Features selection and importance
Feature selection
SDeMo.noselection! Function
noselection!(model, folds; verbose::Bool = false, kwargs...)
Returns the model to the state where all variables are used.
All keyword arguments are passed to train!
.
SDeMo.backwardselection! Function
backwardselection!(model, folds; verbose::Bool = false, optimality=mcc, kwargs...)
Removes variables one at a time until the optimality
measure stops increasing.
All keyword arguments are passed to crossvalidate!
.
SDeMo.forwardselection! Function
forwardselection!(model, folds, pool; verbose::Bool = false, optimality=mcc, kwargs...)
Adds variables one at a time until the optimality
measure stops increasing. The variables in pool
are added at the start.
All keyword arguments are passed to crossvalidate!
.
forwardselection!(model, folds; verbose::Bool = false, optimality=mcc, kwargs...)

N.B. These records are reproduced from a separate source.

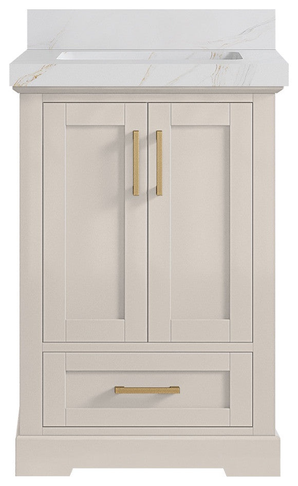 Willow Collection Boston 24 x22 Single Sink Bath Vanity in Fine Grain with 2" Straight/ Mitered Edge Calacatta Sienna QuartzThe Boston collection features a traditional design bathroom vanity that is both stylish and functional. The vanity is available in Navy Blue, White, Gray and Green colors, and it features soft-close doors and drawers for a smooth, quiet operation. The solid wood frame construction ensures durability, while the dovetail joint adds a touch of craftsmanship. The Boston collection is an excellent choice for any bathroom. This Boston vanity features a handy power plug and hairdryer holder that is available in sizes starting from 42 up to 84 in. The power plug features two USB ports, so you can charge your phones or use them to operate your hairdryer. The hairdryer holder is specially designed to fit most standard hairdryers. With its stylish design and practical features, this vanity is a great addition to any bathroom.Details:Material: Birch Wood and Plywood (NO MDF or PRESSBOARD)Finish Available: Elephant Skin Gray, Evergreen, Navy Blue, White, Pewter Green, Fine Grain and AlabasterNumber of Drawers: 1 Tip Out Drawer, 1 ShelfSink Installation: Under-mounted rectangle SINK(S)Hardware: Soft closing hinges and slider Hardware Finish : Brushed NickelCabinet Width: 23 (in.)Cabinet Depth: 21-1/2 (in.)Countertop Width: 24 (in.) Countertop Depth: 22 (in.)Cabinet Height: 34 (in.)Countertop Height: 1.5 (in.) Double Cove Edge or 2 (in.) Straight/ Mitered EdgeCabinet Height with Top: 36 (in.)Backsplash Height: 4 (in.)Faucet: NOT IncludedFaucet Hole(S): Comes with SINGLE hole faucetVanity Countertops options: Mitered /Straight edge or Double Cove Edge (White Quartz, Calacatta Laza Quartz, Calacatta Nuvo Quartz, Carrara Quartz, Empira Quartz, Carrara Marble, Piatra Gray Quartz, Pearl Light Gray Quartz, Venatino Quartz, Calacatta Gold Quartz, Calacatta Black Quartz)
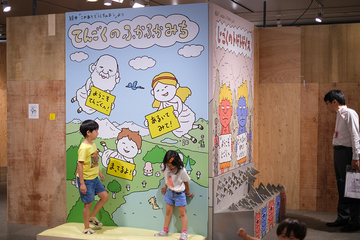 同じく『このあとどうしちゃおう』に登場する「てんごくのふかふかみち」です。地獄の苦しみを味わった後ということもあり極上の歩き心地でした。ヨシタケさんの妄想する天国と地獄を是非実際に味わってみてください。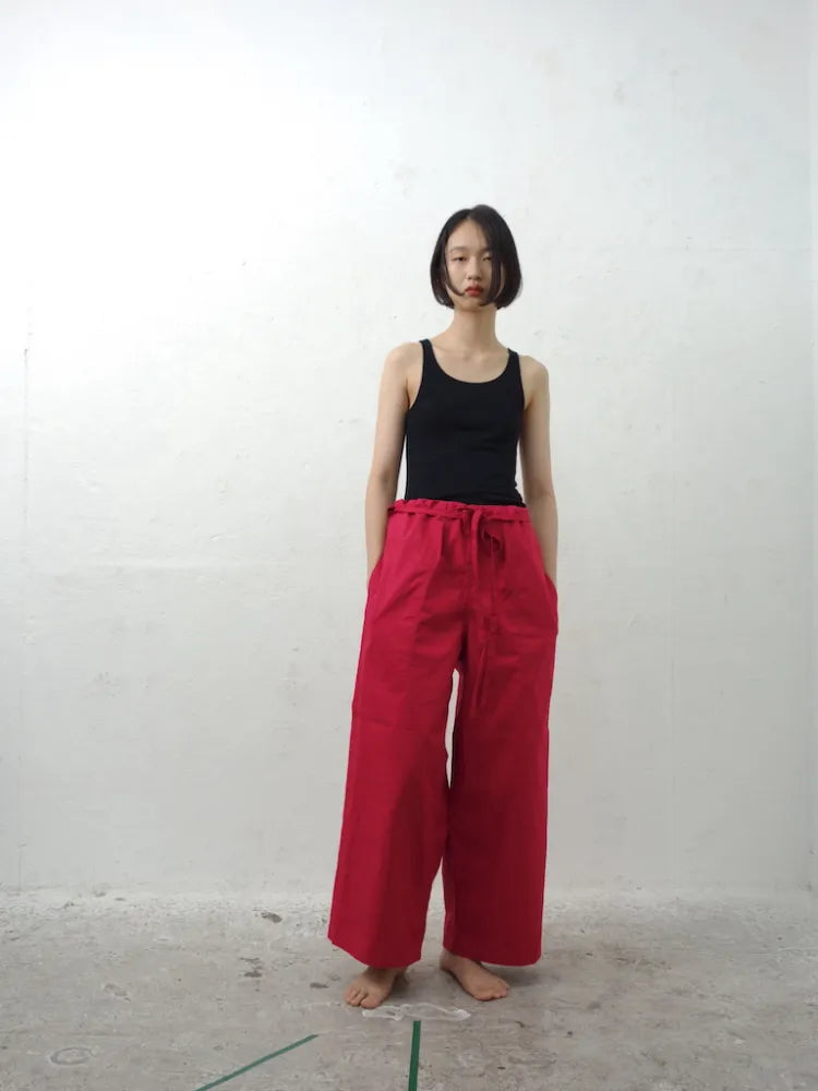 直線的なシルエットでミニマルなデザインでありながら、TUKIというランドカラーを強く感じられるスリーピングパンツ。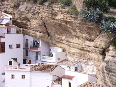 Setenil´ist in die Schlucht des Río Guadalporcún eingezwängt. Von vielen Häusern ist nur die Fassade zu sehen, der Rest in den Fels geschlagen.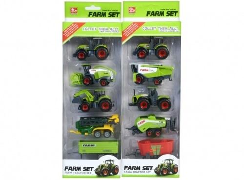 W zestawie znajduje się traktor metalowy oraz cztery przyczepy: naczepa do przewozu, koparka, kombajn oraz opryskiwacz. Przyczepy można wymieniać dowolnie w zależności od potrzeby. Zabawka wykonana z plastiku i metalu.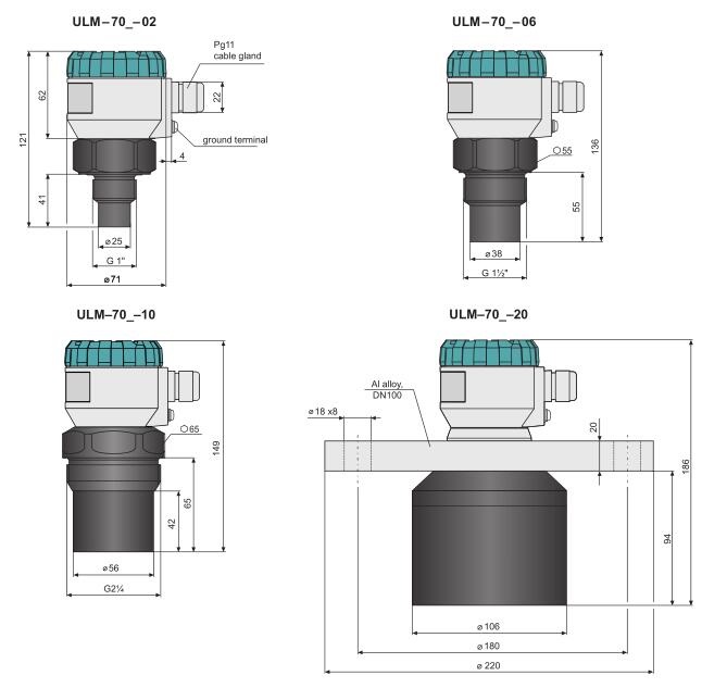 ULM-70 Ultrasonic Level Meters Dimensional drawings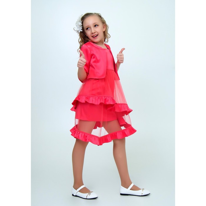 Платье нарядное+болеро для девочки, рост 134 см, цвет арбузный 2Н59-5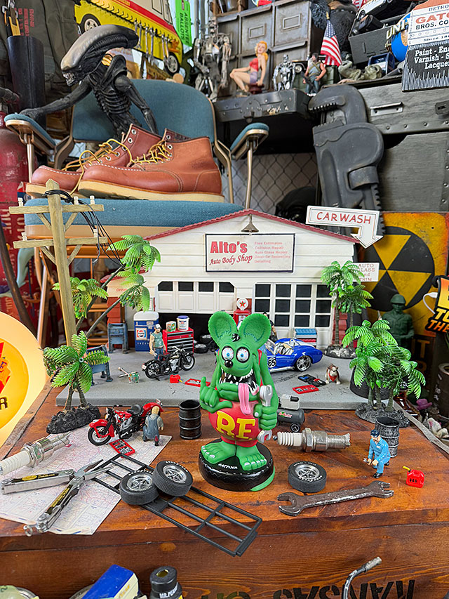 ホットロッドカルチャーを黎明期から牽引してきたキャラなので、アメ車のミニカーと一緒に飾るのも、思い切りハマリますよ!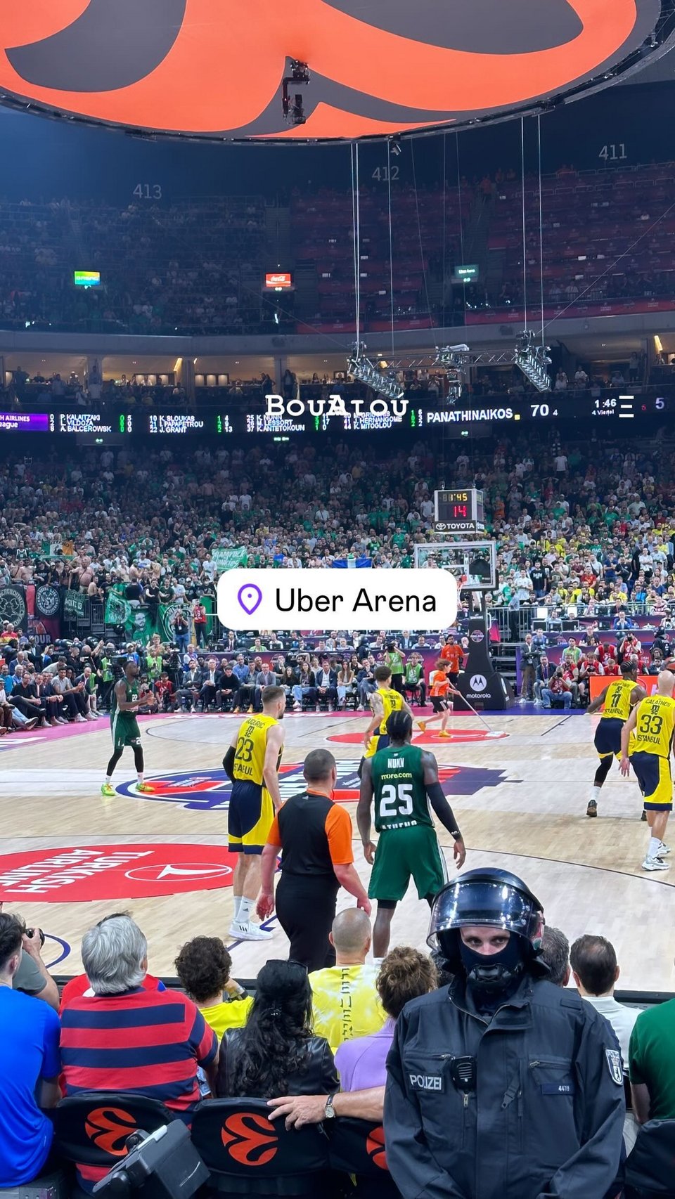 Αργότερα, έβγαλε μερικές φωτογραφίες μέσα από το γήπεδο Uber Arena στο Βερολίνο, όπου και είδε την ομάδα του να κερδίζει και να περνάει στον μεγάλο τελικό της Euroleague.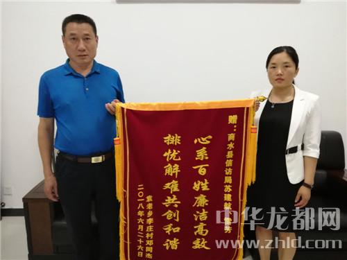 中華龍都網(wǎng)訊(周口報業(yè)全媒體記者 付永奇 通訊員魏紅 位慶華 )6月26日上午,商水縣信訪局門前鼓樂喧天、鞭炮齊鳴、人群涌動。其間,幾名群眾簇?fù)碇幻嫔蠒靶南蛋傩樟疂嵏咝艖n解難共創(chuàng)和諧”的錦旗徑自向商水縣信訪局走來。
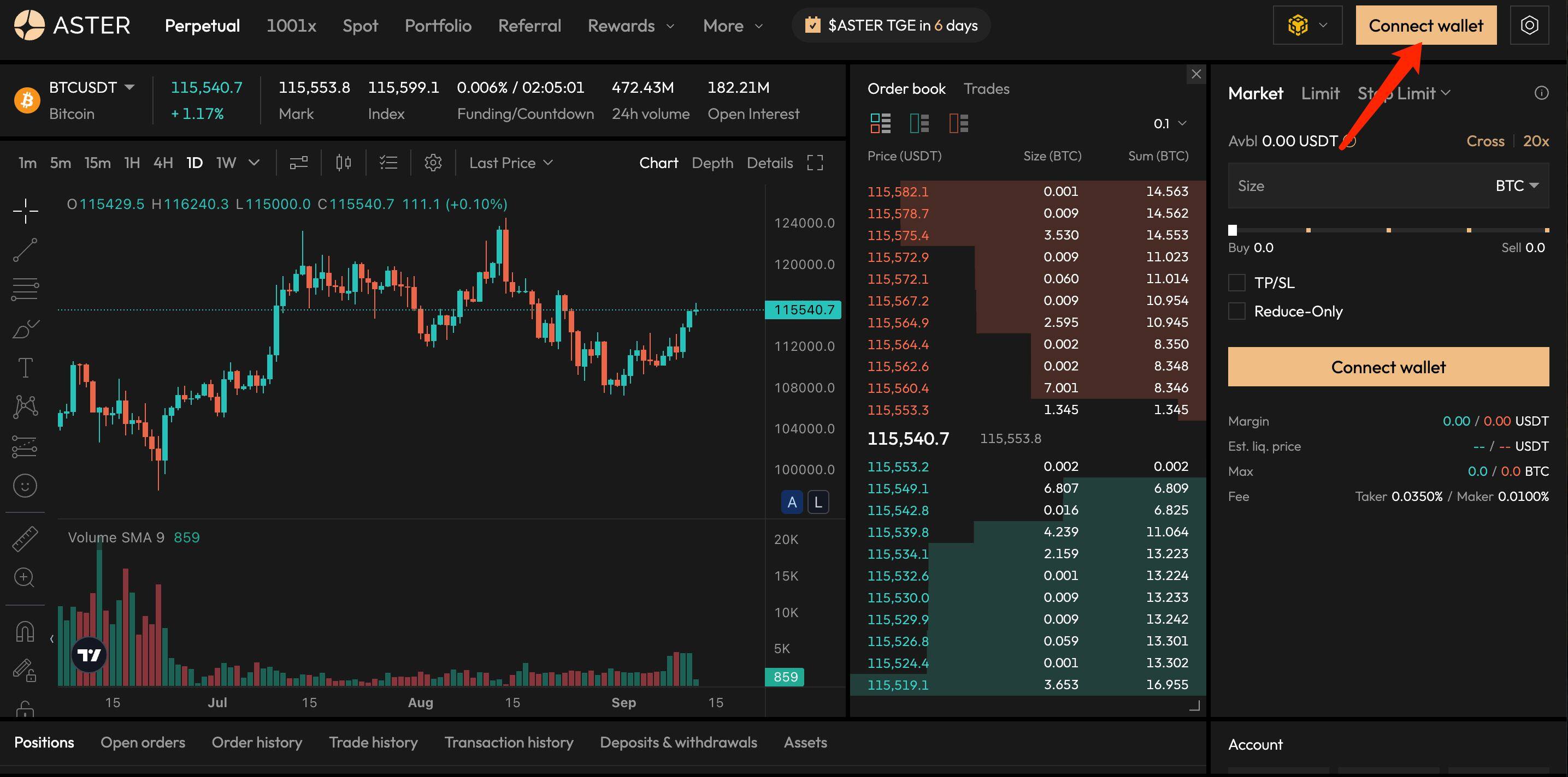 STEP 1. 进入交互网站(链接:https://www.asterdex.com/),并连接钱包。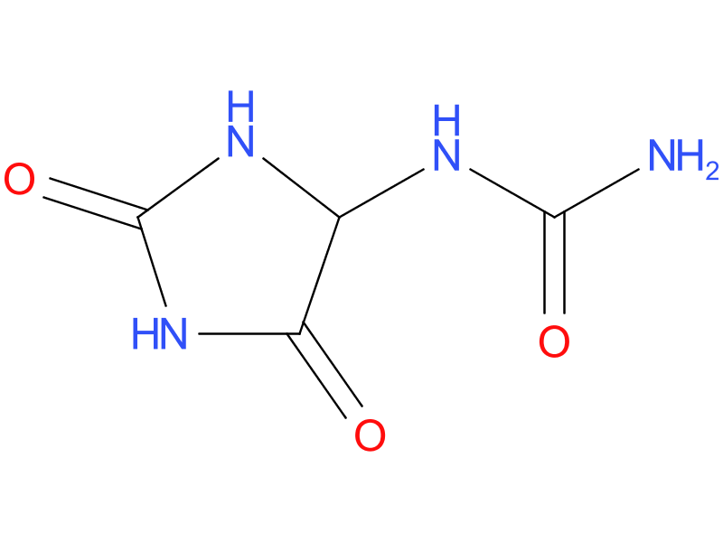 allantoin A urea hydantoin that is found in URINE and PLANTS and is used in dermatological preparations.

Adds variables one at a time until the optimality
measure stops increasing.
All keyword arguments are passed to crossvalidate!
.
Feature importance
SDeMo.variableimportance Function
variableimportance(model, folds, variable; reps=10, optimality=mcc, kwargs...)
Returns the importance of one variable in the model. The samples
keyword fixes the number of bootstraps to run (defaults to 10
, which is not enough!).
The keywords are passed to ConfusionMatrix
.
variableimportance(model, folds; kwargs...)
Returns the importance of all variables in the model. The keywords are passed to variableimportance
.
Variance Inflation Factor
SDeMo.stepwisevif! Function
stepwisevif!(model::SDM, limit, tr=:;kwargs...)
Drops the variables with the largest variance inflation from the model, until all VIFs are under the threshold. The last positional argument (defaults to :
) is the indices to use for the VIF calculation. All keyword arguments are passed to train!
.
SDeMo.vif Function
vif(::Matrix)
Returns the variance inflation factor for each variable in a matrix, as the diagonal of the inverse of the correlation matrix between predictors.
vif(::AbstractSDM, tr=:)
Returns the VIF for the variables used in a SDM, optionally restricting to some training instances (defaults to :
for all points). The VIF is calculated on the de-meaned predictors.